→ Problem requirements: Every entry below should be returned exactly as it appears, with pictures left out.

→ Given records:
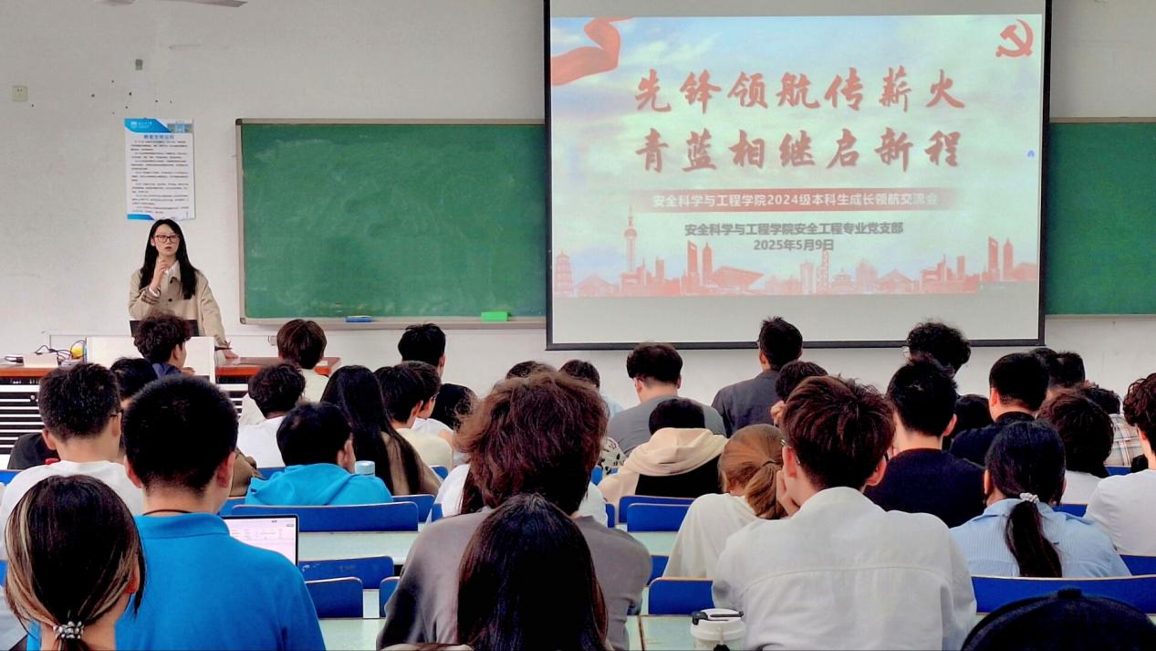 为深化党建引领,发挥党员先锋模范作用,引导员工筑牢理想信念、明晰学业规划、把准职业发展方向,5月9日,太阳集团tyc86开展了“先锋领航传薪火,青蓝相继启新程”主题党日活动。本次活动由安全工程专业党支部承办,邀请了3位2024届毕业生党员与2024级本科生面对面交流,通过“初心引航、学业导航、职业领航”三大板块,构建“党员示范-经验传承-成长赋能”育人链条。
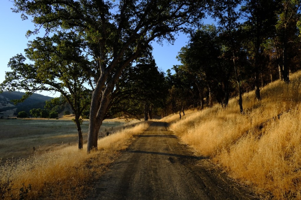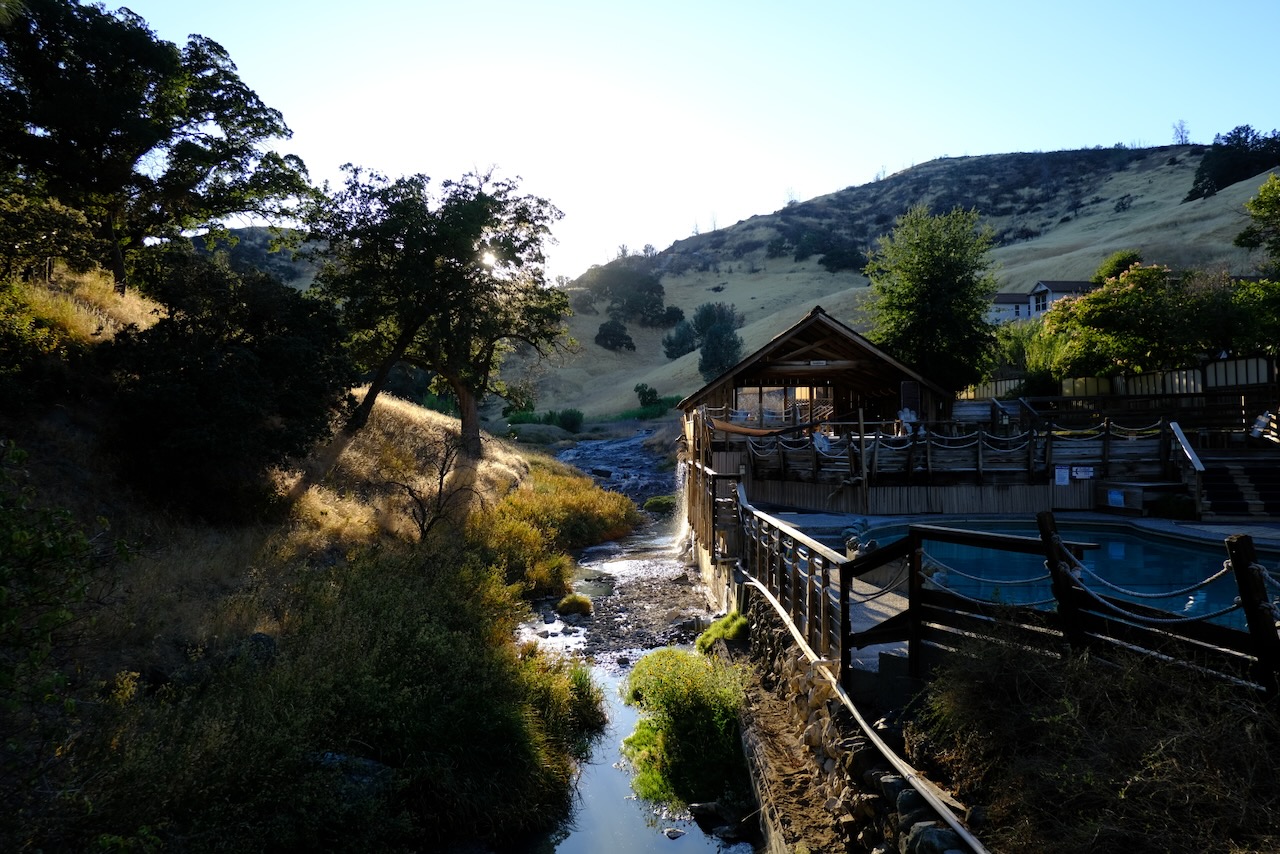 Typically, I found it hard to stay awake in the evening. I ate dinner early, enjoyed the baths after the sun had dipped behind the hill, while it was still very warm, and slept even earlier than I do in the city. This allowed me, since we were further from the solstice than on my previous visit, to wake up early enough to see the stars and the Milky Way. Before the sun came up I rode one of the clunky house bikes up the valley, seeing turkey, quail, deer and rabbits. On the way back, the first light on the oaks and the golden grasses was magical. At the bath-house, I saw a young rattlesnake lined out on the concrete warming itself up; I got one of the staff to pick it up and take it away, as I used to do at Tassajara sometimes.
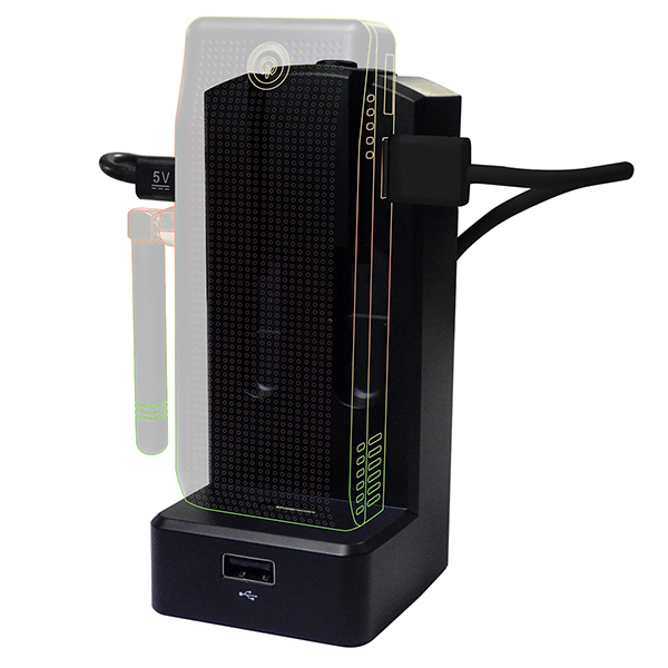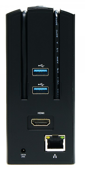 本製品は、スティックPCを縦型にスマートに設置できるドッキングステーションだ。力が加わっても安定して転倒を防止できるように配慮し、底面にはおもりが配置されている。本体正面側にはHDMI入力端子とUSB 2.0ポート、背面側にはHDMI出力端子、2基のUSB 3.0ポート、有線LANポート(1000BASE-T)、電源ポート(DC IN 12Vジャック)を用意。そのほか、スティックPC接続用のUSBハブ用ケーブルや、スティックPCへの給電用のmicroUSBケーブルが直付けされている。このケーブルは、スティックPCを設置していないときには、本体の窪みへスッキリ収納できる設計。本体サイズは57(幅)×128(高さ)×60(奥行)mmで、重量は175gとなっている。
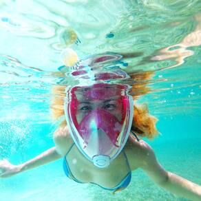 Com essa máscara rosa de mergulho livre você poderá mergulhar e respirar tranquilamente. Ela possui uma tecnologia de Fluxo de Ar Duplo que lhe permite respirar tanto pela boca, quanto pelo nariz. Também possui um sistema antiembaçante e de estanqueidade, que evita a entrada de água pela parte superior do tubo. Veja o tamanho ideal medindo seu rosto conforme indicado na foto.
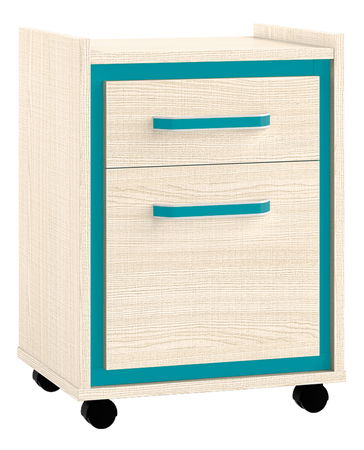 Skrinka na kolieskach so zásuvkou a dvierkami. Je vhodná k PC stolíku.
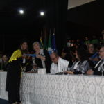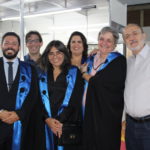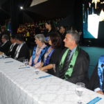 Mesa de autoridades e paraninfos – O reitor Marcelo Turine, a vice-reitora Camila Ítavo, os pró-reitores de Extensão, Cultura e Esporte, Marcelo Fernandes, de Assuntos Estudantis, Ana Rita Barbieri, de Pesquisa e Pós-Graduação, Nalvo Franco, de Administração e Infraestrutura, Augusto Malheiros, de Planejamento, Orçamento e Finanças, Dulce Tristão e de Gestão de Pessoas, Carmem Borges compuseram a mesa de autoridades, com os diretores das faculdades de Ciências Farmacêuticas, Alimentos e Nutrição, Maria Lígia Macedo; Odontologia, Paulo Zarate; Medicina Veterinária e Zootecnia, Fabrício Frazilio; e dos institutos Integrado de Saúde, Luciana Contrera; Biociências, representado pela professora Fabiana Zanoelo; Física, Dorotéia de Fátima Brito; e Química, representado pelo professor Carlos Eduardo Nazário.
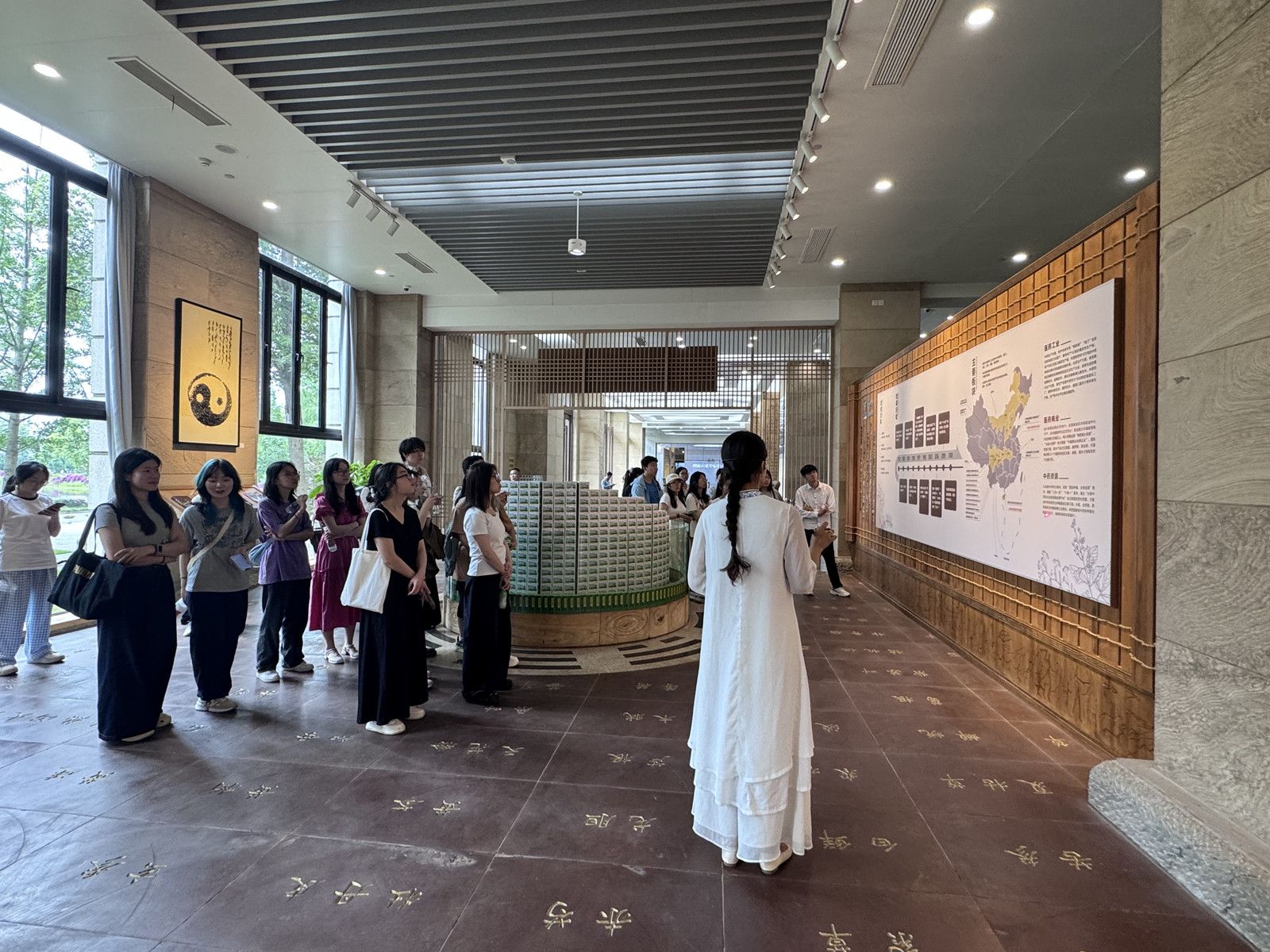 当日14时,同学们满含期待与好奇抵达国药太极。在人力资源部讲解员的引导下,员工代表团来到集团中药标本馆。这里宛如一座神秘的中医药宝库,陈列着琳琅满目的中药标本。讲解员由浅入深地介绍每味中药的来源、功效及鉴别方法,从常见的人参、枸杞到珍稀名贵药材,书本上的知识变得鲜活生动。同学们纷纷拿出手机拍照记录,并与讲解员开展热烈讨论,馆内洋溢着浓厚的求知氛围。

→ Finished task:
 为深化党建引领,发挥党员先锋模范作用,引导员工筑牢理想信念、明晰学业规划、把准职业发展方向,5月9日,太阳集团tyc86开展了“先锋领航传薪火,青蓝相继启新程”主题党日活动。本次活动由安全工程专业党支部承办,邀请了3位2024届毕业生党员与2024级本科生面对面交流,通过“初心引航、学业导航、职业领航”三大板块,构建“党员示范-经验传承-成长赋能”育人链条。
 Typically, I found it hard to stay awake in the evening. I ate dinner early, enjoyed the baths after the sun had dipped behind the hill, while it was still very warm, and slept even earlier than I do in the city. This allowed me, since we were further from the solstice than on my previous visit, to wake up early enough to see the stars and the Milky Way. Before the sun came up I rode one of the clunky house bikes up the valley, seeing turkey, quail, deer and rabbits. On the way back, the first light on the oaks and the golden grasses was magical. At the bath-house, I saw a young rattlesnake lined out on the concrete warming itself up; I got one of the staff to pick it up and take it away, as I used to do at Tassajara sometimes.
 本製品は、スティックPCを縦型にスマートに設置できるドッキングステーションだ。力が加わっても安定して転倒を防止できるように配慮し、底面にはおもりが配置されている。本体正面側にはHDMI入力端子とUSB 2.0ポート、背面側にはHDMI出力端子、2基のUSB 3.0ポート、有線LANポート(1000BASE-T)、電源ポート(DC IN 12Vジャック)を用意。そのほか、スティックPC接続用のUSBハブ用ケーブルや、スティックPCへの給電用のmicroUSBケーブルが直付けされている。このケーブルは、スティックPCを設置していないときには、本体の窪みへスッキリ収納できる設計。本体サイズは57(幅)×128(高さ)×60(奥行)mmで、重量は175gとなっている。
 Com essa máscara rosa de mergulho livre você poderá mergulhar e respirar tranquilamente. Ela possui uma tecnologia de Fluxo de Ar Duplo que lhe permite respirar tanto pela boca, quanto pelo nariz. Também possui um sistema antiembaçante e de estanqueidade, que evita a entrada de água pela parte superior do tubo. Veja o tamanho ideal medindo seu rosto conforme indicado na foto.
 Skrinka na kolieskach so zásuvkou a dvierkami. Je vhodná k PC stolíku.
 Mesa de autoridades e paraninfos – O reitor Marcelo Turine, a vice-reitora Camila Ítavo, os pró-reitores de Extensão, Cultura e Esporte, Marcelo Fernandes, de Assuntos Estudantis, Ana Rita Barbieri, de Pesquisa e Pós-Graduação, Nalvo Franco, de Administração e Infraestrutura, Augusto Malheiros, de Planejamento, Orçamento e Finanças, Dulce Tristão e de Gestão de Pessoas, Carmem Borges compuseram a mesa de autoridades, com os diretores das faculdades de Ciências Farmacêuticas, Alimentos e Nutrição, Maria Lígia Macedo; Odontologia, Paulo Zarate; Medicina Veterinária e Zootecnia, Fabrício Frazilio; e dos institutos Integrado de Saúde, Luciana Contrera; Biociências, representado pela professora Fabiana Zanoelo; Física, Dorotéia de Fátima Brito; e Química, representado pelo professor Carlos Eduardo Nazário.
 当日14时,同学们满含期待与好奇抵达国药太极。在人力资源部讲解员的引导下,员工代表团来到集团中药标本馆。这里宛如一座神秘的中医药宝库,陈列着琳琅满目的中药标本。讲解员由浅入深地介绍每味中药的来源、功效及鉴别方法,从常见的人参、枸杞到珍稀名贵药材,书本上的知识变得鲜活生动。同学们纷纷拿出手机拍照记录,并与讲解员开展热烈讨论,馆内洋溢着浓厚的求知氛围。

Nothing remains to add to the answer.